[PATCH] D75203: [X86] Relax existing instructions to reduce the number of nops needed for alignment purposes

James Y Knight via Phabricator via llvm-commits llvm-commits at lists.llvm.org
Wed Jan 13 08:57:48 PST 2021


jyknight added a comment.

Right, there's no fundamental reason why moving a label has to be forbidden -- but it'd be extremely complex if we allowed moving a label which could cause the re-layout of a fragment we thought we'd already finalized the offsets for.  This would happen if the label offset required relaxation of some instruction/data referencing it. That, then, might require //undoing// the padding from an instruction we've already padded out, due to less alignment-padding being required overall.

So, maybe we can allow changing the address of labels that CAN'T cause such an issue, then?

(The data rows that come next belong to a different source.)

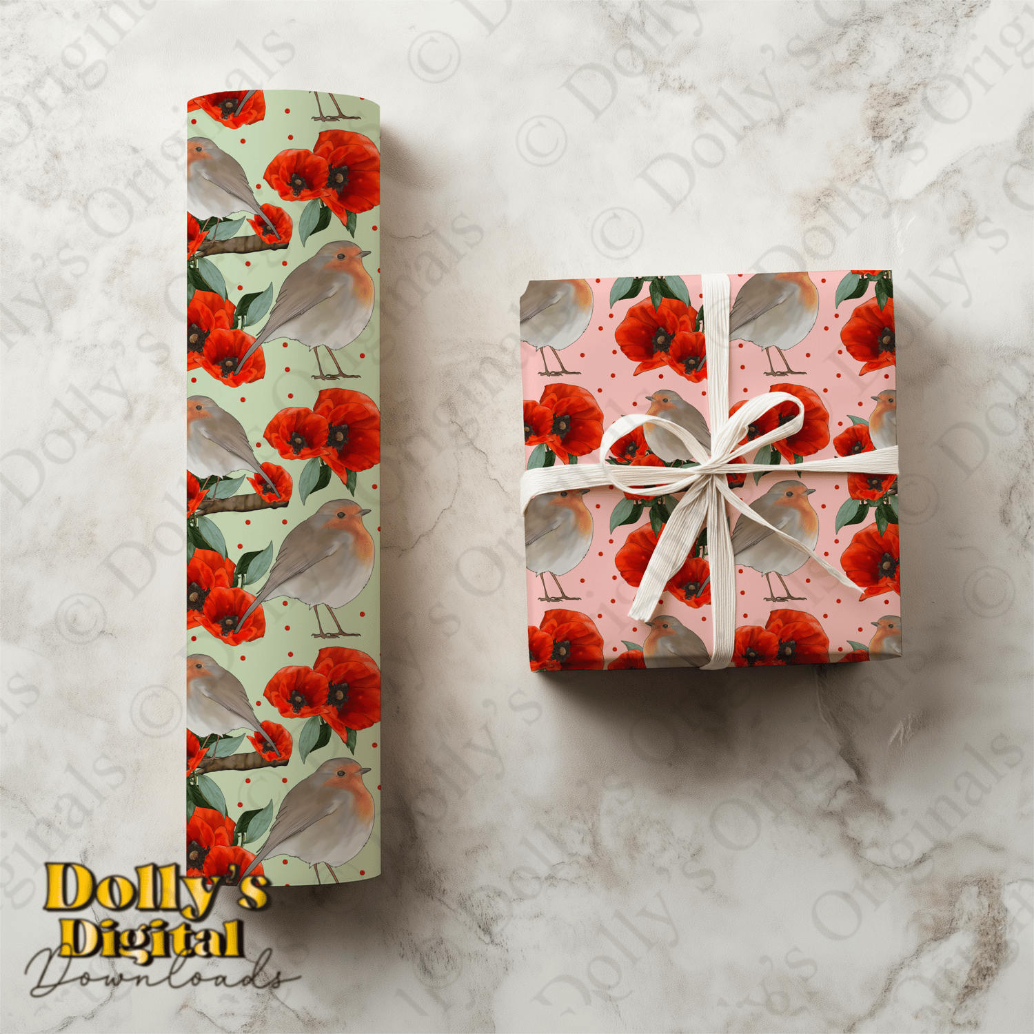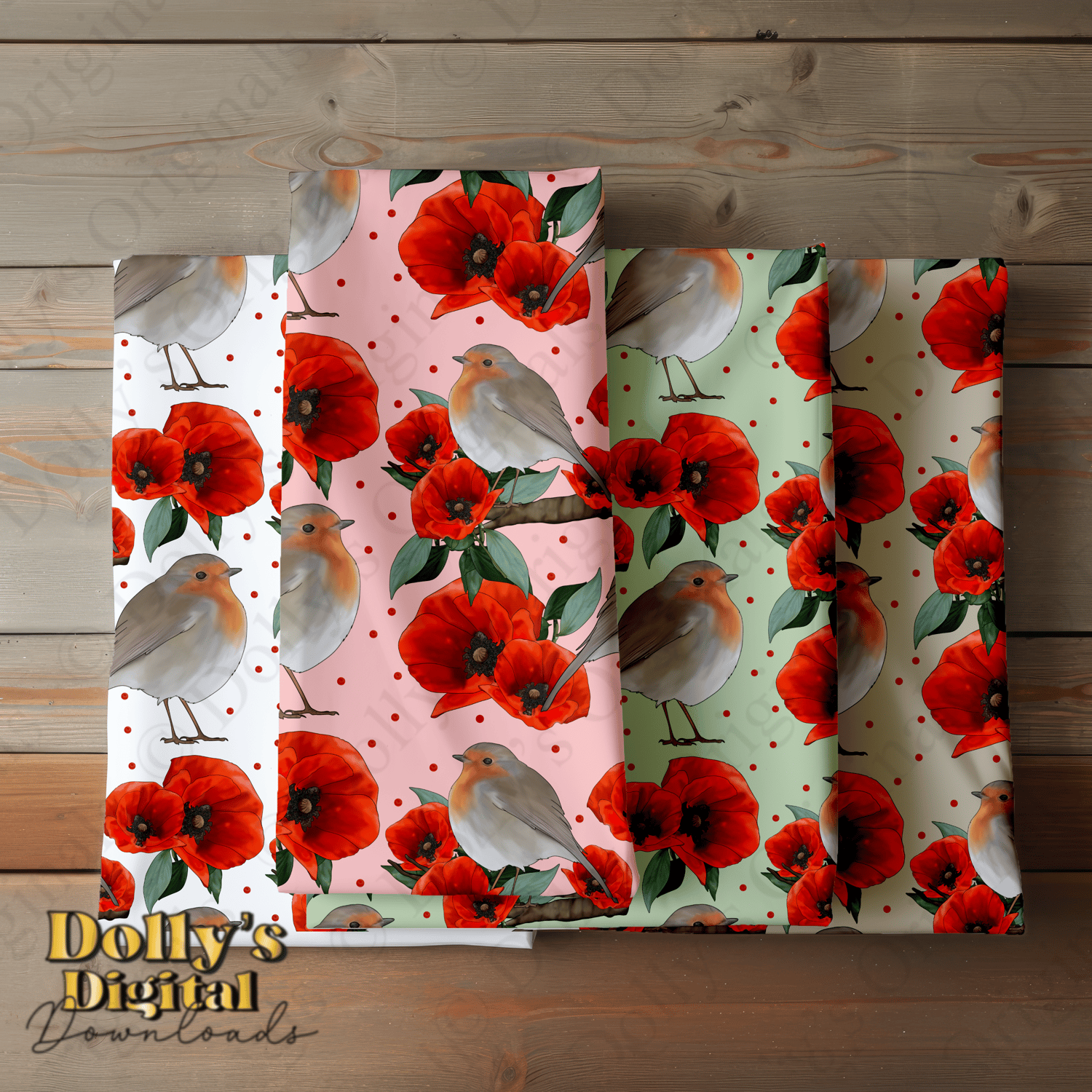 Instant digital download of our Robin and Poppies Seamless Patterns (4 PNG’s)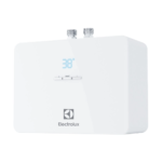 Pour les petits espaces, le chauffage instantané Electrolux NPX6 Aquatronic Digital convient. Son poids n'est que de 1,67 kg. L'appareil est connecté via la connexion supérieure. Il est équipé de commandes électroniques simples. Tous les paramètres d'installation sont affichés à l'écran. Les indicateurs s'allument et s'éteignent. L'appareil de chauffage est capable de passer 2,8 litres par minute. Pour garantir une utilisation en toute sécurité, l'appareil est équipé d'une protection contre la surchauffe et d'un fonctionnement sans eau.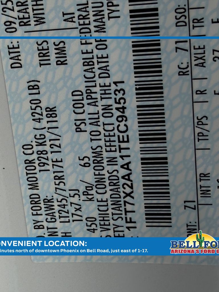 - VIN : 1FT7X2AA1TEC94531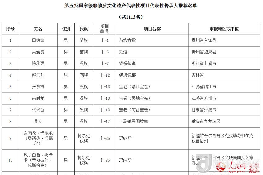 在各地推薦申報(bào)的基礎(chǔ)上,各評(píng)審組專家對(duì)全國(guó)31個(gè)?。▍^(qū)、市)、新疆生產(chǎn)建設(shè)兵團(tuán)、中央有關(guān)部門(mén)及港澳地區(qū)推薦的申報(bào)人進(jìn)行了評(píng)審,經(jīng)評(píng)審委員會(huì)審議,提出了第五批國(guó)家級(jí)非物質(zhì)文化遺產(chǎn)代表性項(xiàng)目代表性傳承人推薦名單(共1113人)。其中對(duì)尚未認(rèn)定過(guò)國(guó)家級(jí)代表性傳承人的項(xiàng)目,本次推薦827人,對(duì)已認(rèn)定過(guò)國(guó)家級(jí)代表性傳承人的項(xiàng)目,本次推薦286人。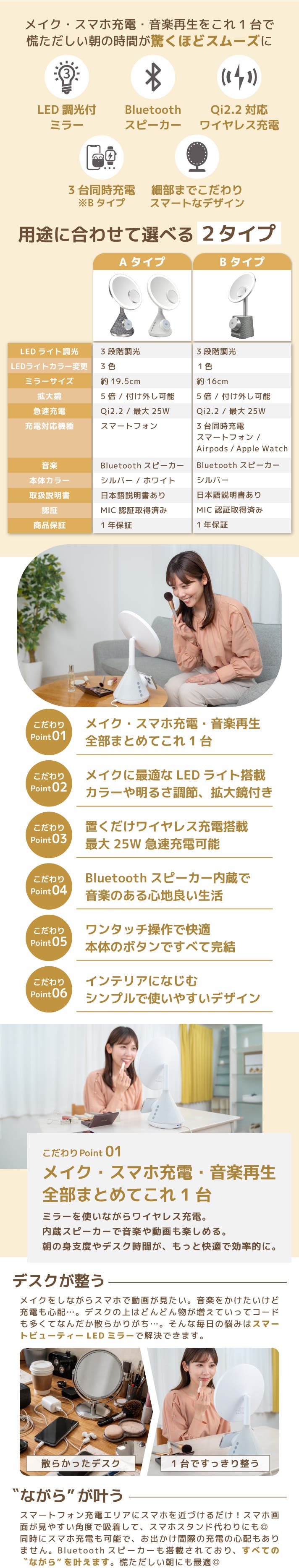 多くの女性が、「動画を見ながらメイクしたい」「音楽を聴きながら支度したい」「スマホを充電しながら準備したい」といったニーズを抱えています。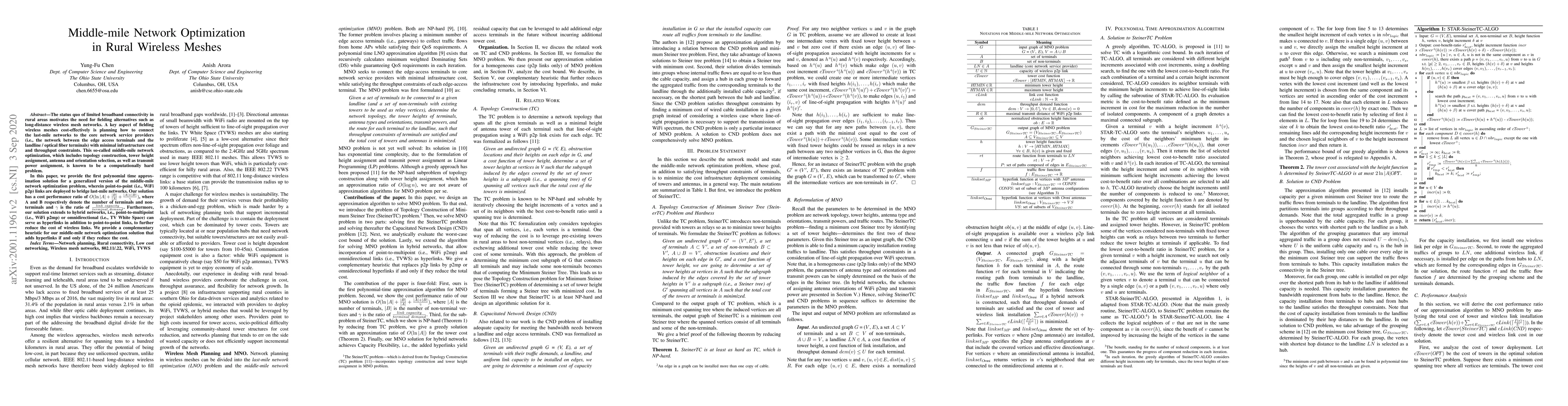 The status quo of limited broadband connectivity in rural areas motivates the need for fielding alternatives such as long-distance wireless mesh networks. A key aspect of fielding wireless meshes cost-effectively is planning how to connect the last-mile networks to the core network service providers (i.e., the network between the edge access terminals and the landline / optical fiber terminals) with minimal infrastructure cost and throughput constraints. This so-called middle-mile network optimization, which includes topology construction, tower height assignment, antenna and orientation selection, as well as transmit power assignment, is known to be a computationally hard problem. In this paper, we provide the first polynomial time approximation solution for a generalized version of the middle-mile network optimization problem, wherein point-to-point (i.e., WiFi p2p) links are deployed to bridge last-mile networks. Our solution has a cost performance ratio of $O(\ln{|A|}+\frac{|B|}{|A|}+\frac{|A|+|B|}{\gamma})$, where A and B respectively denote the number of terminals and non-terminals and $\gamma$ is the ratio of $\frac{link\ capacity}{terminal\ demand}$. Furthermore, our solution extends to hybrid networks, i.e., point-to-multipoint (i.e., WiFi p2mp) or omnidirectional (i.e., TV White Space) can serve as hyperlinks in addition to point-to-point links, to further reduce the cost of wireless links. We provide a complementary heuristic for our middle-mile network optimization solution that adds hyperlinks if and only if they reduce the cost.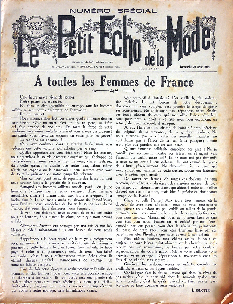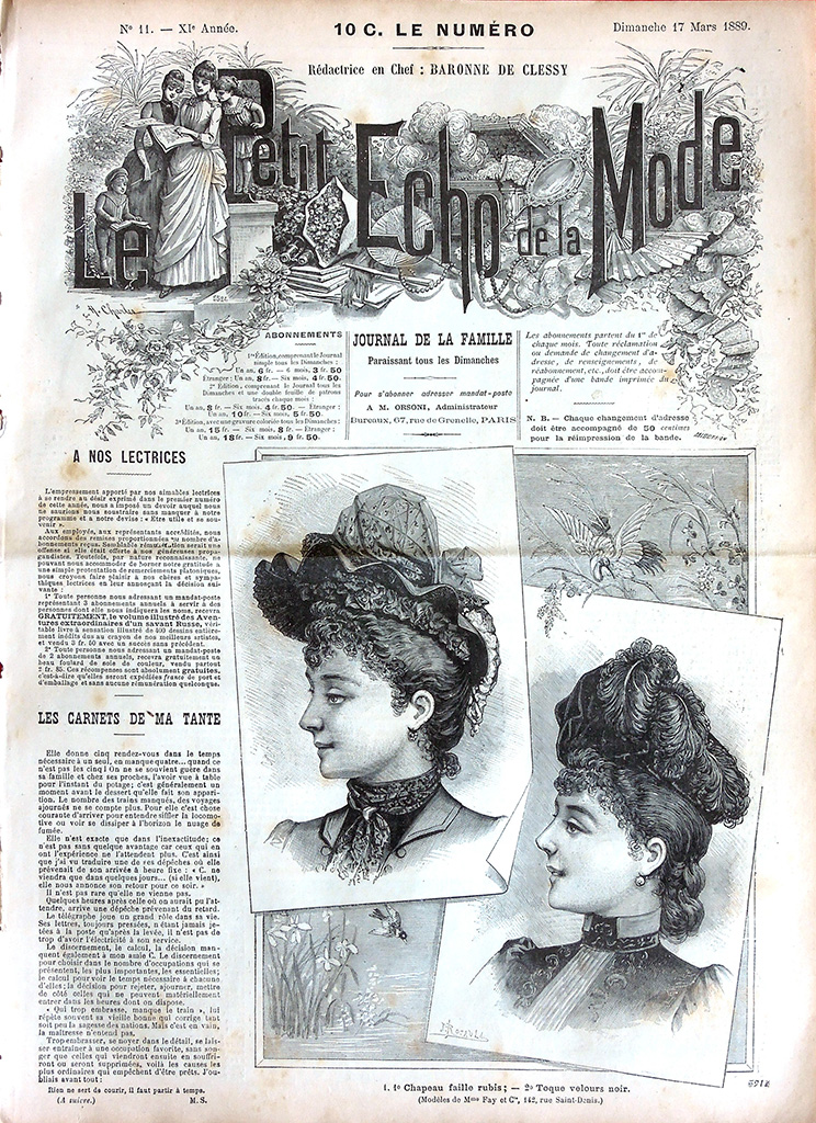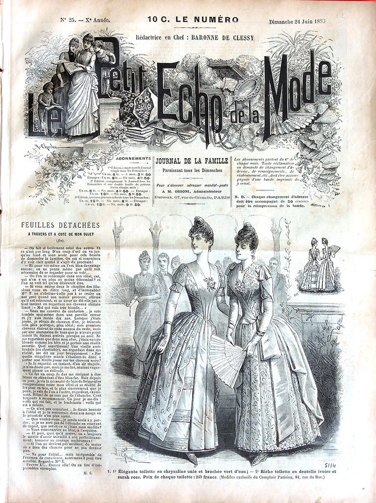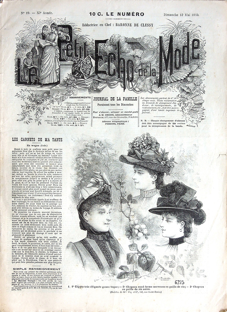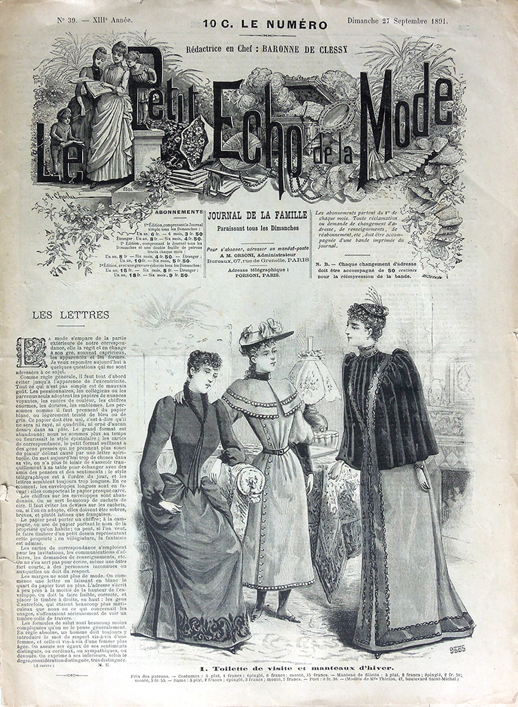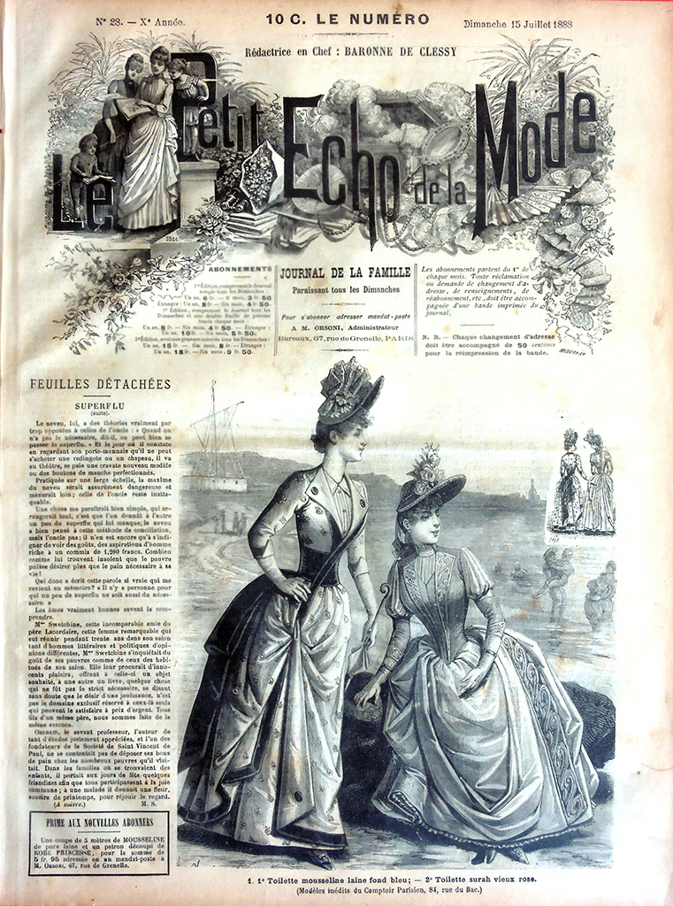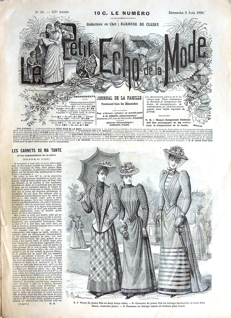 主婦向けの週刊誌 "Le Petit Echo de la Mode"(名称は創刊当時のもの)は次の2点でおおいに注目できる雑誌です。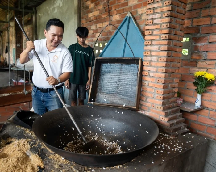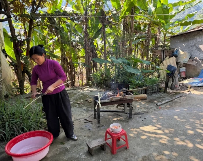 De fietstocht gaat verder naar een lokaal familiehuis in het dorp Mai Trung, waar u hartelijk wordt ontvangen. Hier krijgt u een inkijkje in het plattelandsleven en kunt u deelnemen aan seizoensactiviteiten zoals werken op de rijstvelden, tuinieren of het voeren van vissen en pluimvee.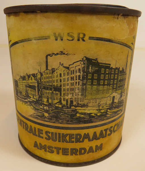 Blik met klemdeksel van de firma WSR. Deze cilindrische productverpakking is gebruikt voor stroop. Op het geel gekleurde papieren etiket (wikkel) staat goudkleurige belettering en een pentekening van de fabriek.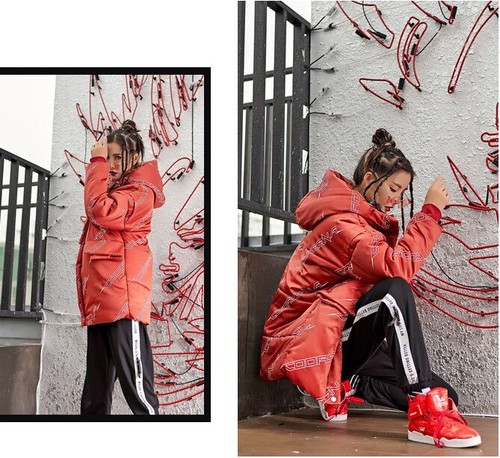 アウター ジャケット ブルゾン ダウンジャケット ダンスファッション ストリート系ファッション インパクトあり!ダンサー必見!英字プリントデザイン フード付きアウター HOPHOP

Can we identify them straightforwardly? We would need to avoid changing the offset of any label which might require further relaxation of instructions in a text segment (because that's all this pass can modify).

But that doesn't mean we can modify all labels in text which are referred to only by non-text fixups. Consider relaxable uleb128 data section containing offsets of labels in text sections -- naively it seems fine to allow further relaxation of the uleb128 data after running the padding...but unfortunately that's wrong, because if relaxable instructions in text point _back_ to labels in the uleb128 section, they may need to be relaxed when/if the address offsets in the uleb128 data grow. I think the criteria we'd need to use is something like: find all sections referenced by a relaxable fixup in the text section. Then find all sections referenced by a relaxable fixup in one of those sections, recursively. This is the set of sections that cannot point TO a label in text, if we want to be able to move it.  That seems...complicated, itself.

Simpler, is it be valid to simply assume that text sections cannot ever refer, even transitively, to debug sections?